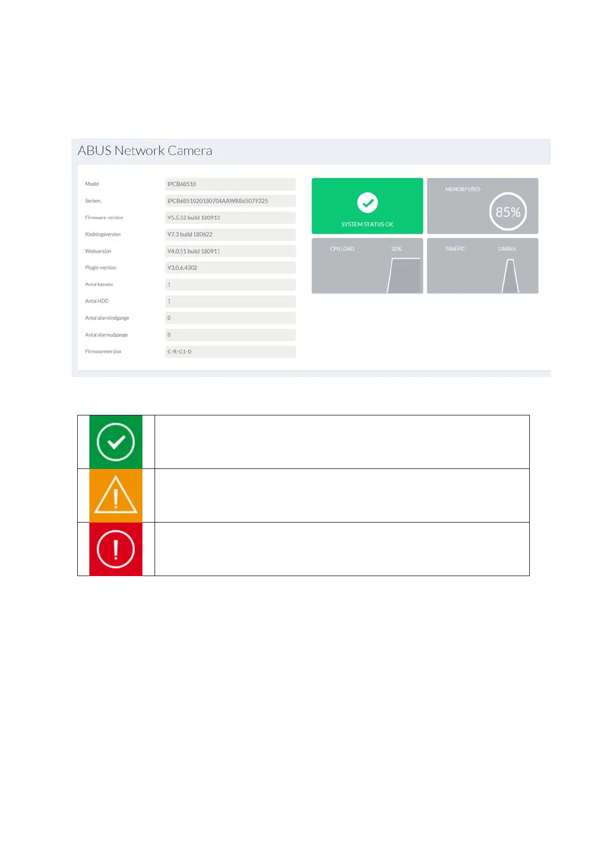 I det øverste højre område vises systemets generelle tilstand via et symbol.
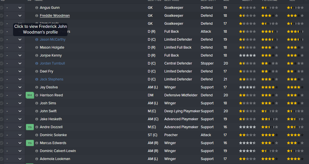 From the U20s I only chose to take one of the goalkeepers. Freddie Woodman. Some of these players have fantastic in game potential, others barely register.
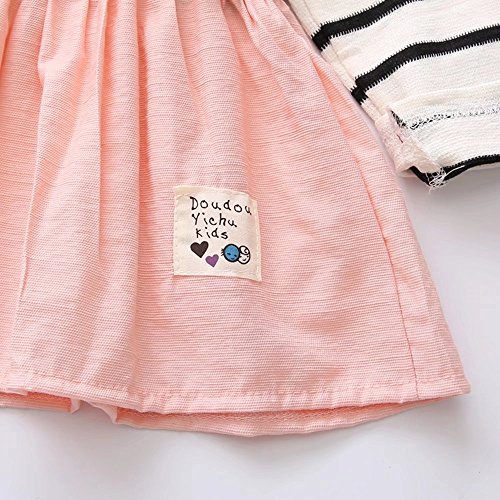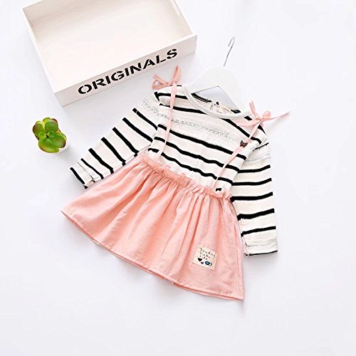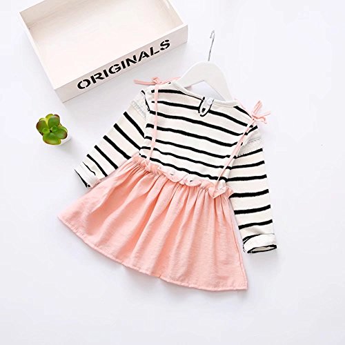 子供服 女の子ワンピース ベビー服 Pojour 偽2セット 可愛いストライプスカート 長袖ブラウス ドレス オシャレ 冬秋 綿 通園 発表会 旅行 記念日 プレゼント
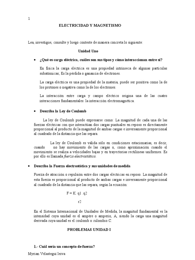 Lea, investigue, consulte y luego conteste de manera concreta lo siguiente: Unidad Uno Qu es carga elctrica, cules son sus tipos y cmo interaccionan entre s? En fsica la carga elctrica es una propiedad intrnseca de algunas partculas subatmicas; Es la prdida o ganancia de electrones. La carga elctrica es una propiedad de la materia, puede ser positiva como la de los protones o negativa como la de los electrones. La interaccin entre carga y campo elctrico origina una de las cuatro interacciones fundamentales: la interaccin electromagntica. Describa la Ley de Coulomb
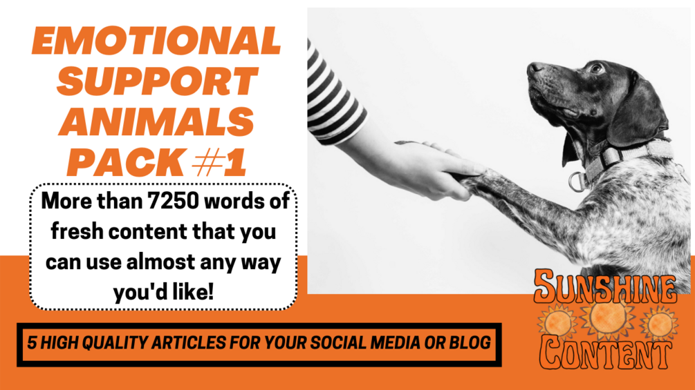 Here is what is included in your over 7,250 words of fresh emotional support animal related content that you can use almost any way you like!
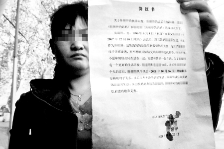 豪豪的姑姑拿著按有三方指印的協(xié)議書(shū)。
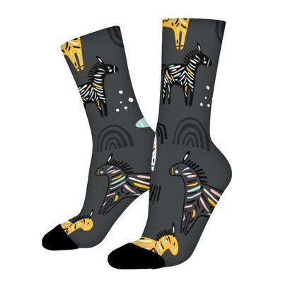Colorful Zebra Women Printed Crew Socks Funny Funky Socks Soft Polyester Novelty Gifts for Artists Men
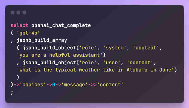 pgai 的初始版本支持创建 OpenAI 嵌入,并直接从您的 PostgreSQL 数据库从 GPT4o 等模型获取 OpenAI 聊天完成。计划是在未来增加对更多模型的支持,例如 Claude 和 Cohere。
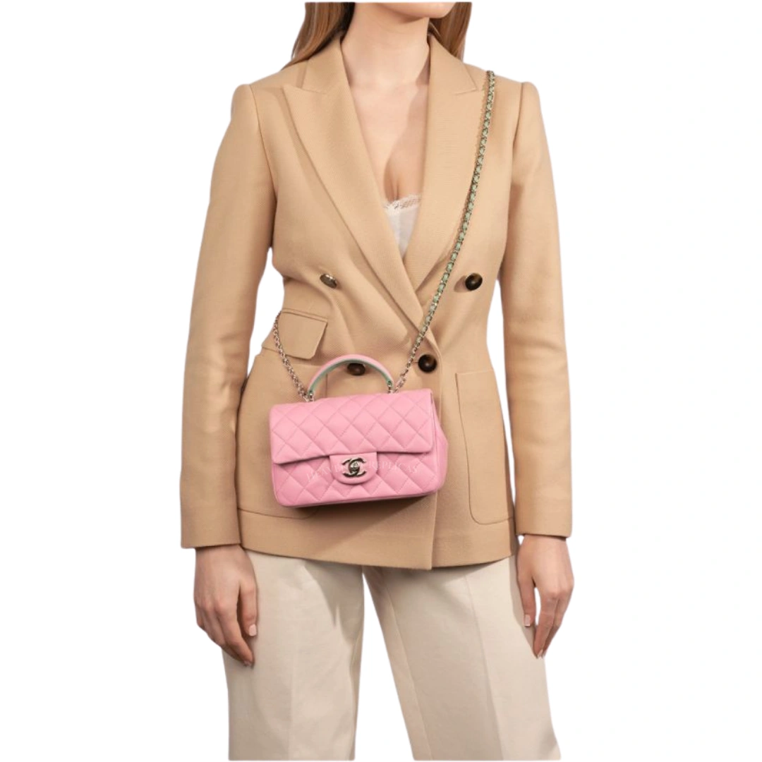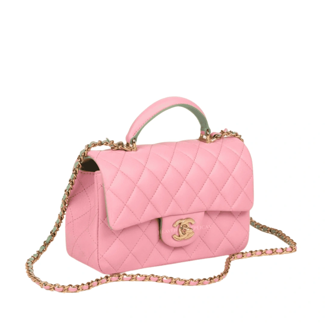 Pink & Green Quilted Lambskin Rectangular Mini Flap Bag with Top Handle – CHN-009
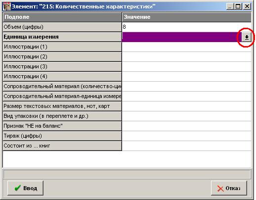 Вводим объем (8). Для ввода Единицы измерения объема открываем иерархический справочник-меню
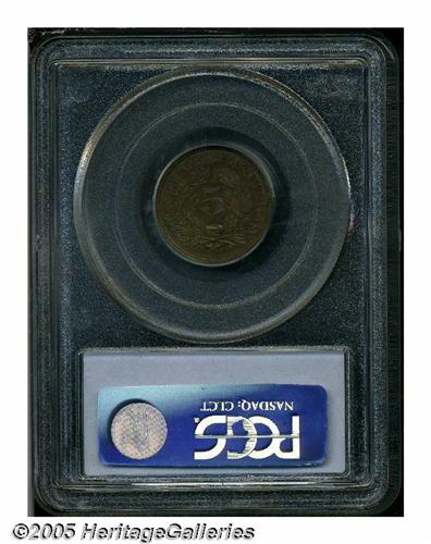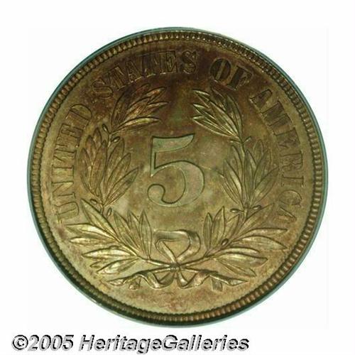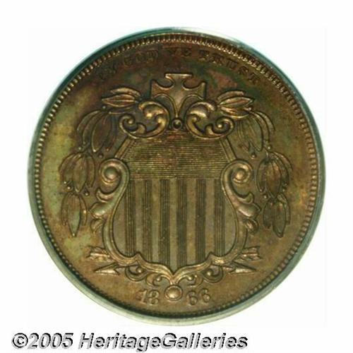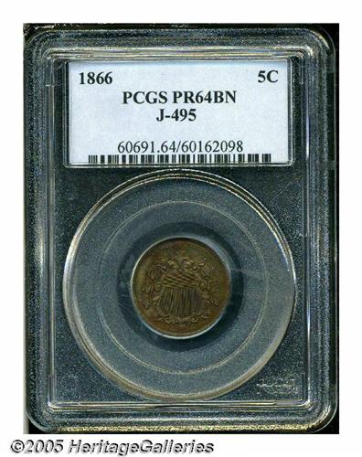 <B>1866<5C> Shield Five Cents, Judd-495, Pollock-582, High R.7, PR64 Brown PCGS.</B></I> A Shield design on the obverse is quite similar to the regularly issued design, although the shield is lower in the field, with the ball at the bottom dividing the date. At the top of the obverse, IN GOD WE TRUST is in very small letters. The reverse has a short 5 inside a wreath consisting of two laurel branches tied at the bottom by a ribbon with bow. Outside the wreath, the statutory legend begins at 8 o'clock and ends at 4 o'clock. Struck in copper with a plain edge. This is a lovely near-Gem with moderately mirrored fields and a deep golden-brown color overall.<BR><I>From The Western Hills Collection.</B></I>
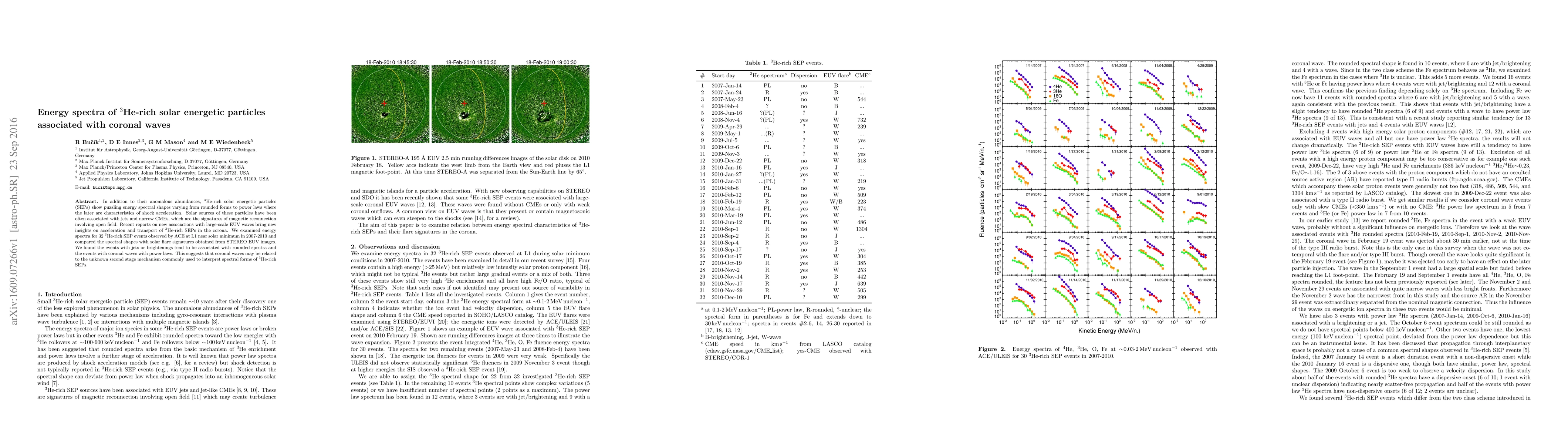 In addition to their anomalous abundances, 3He-rich solar energetic particles (SEPs) show puzzling energy spectral shapes varying from rounded forms to power laws where the later are characteristics of shock acceleration. Solar sources of these particles have been often associated with jets and narrow CMEs, which are the signatures of magnetic reconnection involving open field. Recent reports on new associations with large-scale EUV waves bring new insights on acceleration and transport of 3He-rich SEPs in the corona. We examined energy spectra for 32 3He-rich SEP events observed by ACE at L1 near solar minimum in 2007-2010 and compared the spectral shapes with solar flare signatures obtained from STEREO EUV images. We found the events with jets or brightenings tend to be associated with rounded spectra and the events with coronal waves with power laws. This suggests that coronal waves may be related to the unknown second stage mechanism commonly used to interpret spectral forms of 3He-rich SEPs.
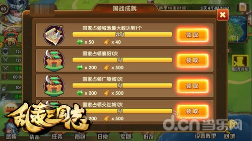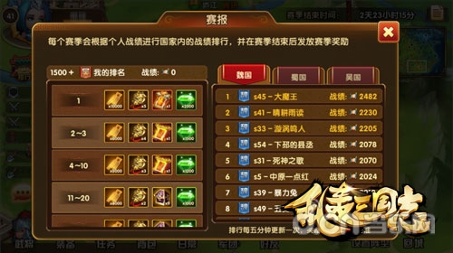 《乱轰三国志》国战吸引人之处除了各种各样的“策略”玩法,还有丰厚的国战奖励。“国战成就”,完成任务就能拿到大量水晶、国家币,国家币可兑换高级装备。同时,排行奖励更诱人,点将领免费十连抽,神将轻松到手。高级兵书全民提升战斗力。

**WORK ITEM:** Go through the data and return every word of it verbatim, leaving out the pictures.

**PROBLEM SOLUTION:**
 I det øverste højre område vises systemets generelle tilstand via et symbol.
 From the U20s I only chose to take one of the goalkeepers. Freddie Woodman. Some of these players have fantastic in game potential, others barely register.
 子供服 女の子ワンピース ベビー服 Pojour 偽2セット 可愛いストライプスカート 長袖ブラウス ドレス オシャレ 冬秋 綿 通園 発表会 旅行 記念日 プレゼント
 Lea, investigue, consulte y luego conteste de manera concreta lo siguiente: Unidad Uno Qu es carga elctrica, cules son sus tipos y cmo interaccionan entre s? En fsica la carga elctrica es una propiedad intrnseca de algunas partculas subatmicas; Es la prdida o ganancia de electrones. La carga elctrica es una propiedad de la materia, puede ser positiva como la de los protones o negativa como la de los electrones. La interaccin entre carga y campo elctrico origina una de las cuatro interacciones fundamentales: la interaccin electromagntica. Describa la Ley de Coulomb
 Here is what is included in your over 7,250 words of fresh emotional support animal related content that you can use almost any way you like!
 豪豪的姑姑拿著按有三方指印的協(xié)議書(shū)。
Colorful Zebra Women Printed Crew Socks Funny Funky Socks Soft Polyester Novelty Gifts for Artists Men
 pgai 的初始版本支持创建 OpenAI 嵌入,并直接从您的 PostgreSQL 数据库从 GPT4o 等模型获取 OpenAI 聊天完成。计划是在未来增加对更多模型的支持,例如 Claude 和 Cohere。
 Pink & Green Quilted Lambskin Rectangular Mini Flap Bag with Top Handle – CHN-009
 Вводим объем (8). Для ввода Единицы измерения объема открываем иерархический справочник-меню
 <B>1866<5C> Shield Five Cents, Judd-495, Pollock-582, High R.7, PR64 Brown PCGS.</B></I> A Shield design on the obverse is quite similar to the regularly issued design, although the shield is lower in the field, with the ball at the bottom dividing the date. At the top of the obverse, IN GOD WE TRUST is in very small letters. The reverse has a short 5 inside a wreath consisting of two laurel branches tied at the bottom by a ribbon with bow. Outside the wreath, the statutory legend begins at 8 o'clock and ends at 4 o'clock. Struck in copper with a plain edge. This is a lovely near-Gem with moderately mirrored fields and a deep golden-brown color overall.<BR><I>From The Western Hills Collection.</B></I>
 In addition to their anomalous abundances, 3He-rich solar energetic particles (SEPs) show puzzling energy spectral shapes varying from rounded forms to power laws where the later are characteristics of shock acceleration. Solar sources of these particles have been often associated with jets and narrow CMEs, which are the signatures of magnetic reconnection involving open field. Recent reports on new associations with large-scale EUV waves bring new insights on acceleration and transport of 3He-rich SEPs in the corona. We examined energy spectra for 32 3He-rich SEP events observed by ACE at L1 near solar minimum in 2007-2010 and compared the spectral shapes with solar flare signatures obtained from STEREO EUV images. We found the events with jets or brightenings tend to be associated with rounded spectra and the events with coronal waves with power laws. This suggests that coronal waves may be related to the unknown second stage mechanism commonly used to interpret spectral forms of 3He-rich SEPs.
 《乱轰三国志》国战吸引人之处除了各种各样的“策略”玩法,还有丰厚的国战奖励。“国战成就”,完成任务就能拿到大量水晶、国家币,国家币可兑换高级装备。同时,排行奖励更诱人,点将领免费十连抽,神将轻松到手。高级兵书全民提升战斗力。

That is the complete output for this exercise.